Ore 2:15 sembra tutto finito invece no..! Svuotato da tutti e tutto, rimane da “accompagnare” il buon Vito alla sua dimora che è il parcheggio della chiesa affianco all’ aereoporto. I volontari sono Antonio, Raimondo, Vincenzo e Tiziano ( che prende la sua macchina. Pronti partenza via.. Q8 in Via Mesagne e facciamo ancora una volta il pieno per consegnarlo così come lo avevamo preso.Poi si va per casa di Tiziano. Prendiamo l’altro Mercedes della giornata,e via verso l’aereoporto nella speranza di trovare qualcuno. Strada ovviamente desolata e alle 2:40 eravamo già li. Scende Vincenzo e quasi per magia ( ? ) la porta d’ingresso si apre ! E’ fatta ! Non è stato un viaggio a vuoto. Allora di corsa Raimondo (autista fedele) e Tiziano vanno al parcheggio per lasciare Vito. Intanto l’altro fedelissimo (Antonio) tutto raffreddato anch’esso come Dario in compagnia del buon Vincenzo, aspettano nell’aereoporto che è praticamente vuoto! Passano circa 10 minuti ma di Ray e Tizio neanche l’ombra ! Che sarà successo ora ?? Via alla telefonata e l’autista ormai non più autista,dice che Vito non vuole affatto abbandonarli e non fa spegnere le luci al suo interno ! ? Allora i due iniziano ad animarsi finchè alla fine Vito cede e dice addio spegnendo le sue luci all’interno...Arrivano finalmente..( ORE 02:55 ) e imbuchiamo le chiavi del mezzo nel vano-cassetto della compagnia a cui appartiene Vito e ora finalmente, tutti stanchi, si torna a San Vito..

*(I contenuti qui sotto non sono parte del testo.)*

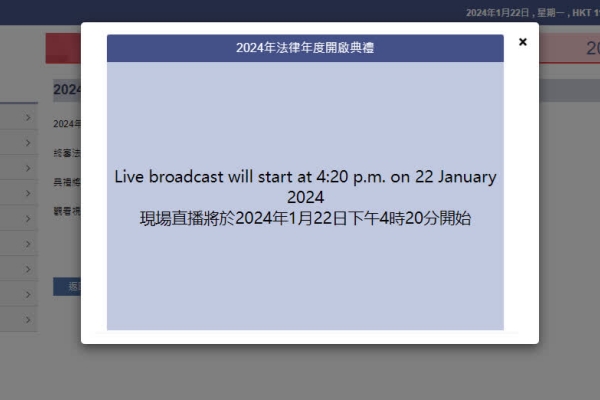 2024年法律年度开启典礼将于今日(22日)下午在香港大会堂举行。公众可于今日下午四时三十分透过司法机构网页观看现场直播。

Per strada Antonio fa una telefonata al presidente dando l’esito positivo del tutto e lui con voce quasi afflitta (motivo?? ci dice che loro erano ancora a 80 km da Bari..! )ci dice perfetto! siete stati bravi, grazie di tutto e ci sentiamo domani;buonanotte.
Ore 3:10 inizia per Tiziano il giro taxi per accompagnare tutti. Alla prima tappa scende Raimondo poi Antonio e infine Vincenzo..Ora si può dire che è veramente tutto finito..ma non per tutti! Buon lavoro Tizià…lui lle 3:30 disperatamente deve andare a lavoro e pensate un po’..deve ritornare a Brindisi!
Alla prossima!
                                                                                                            Antonio.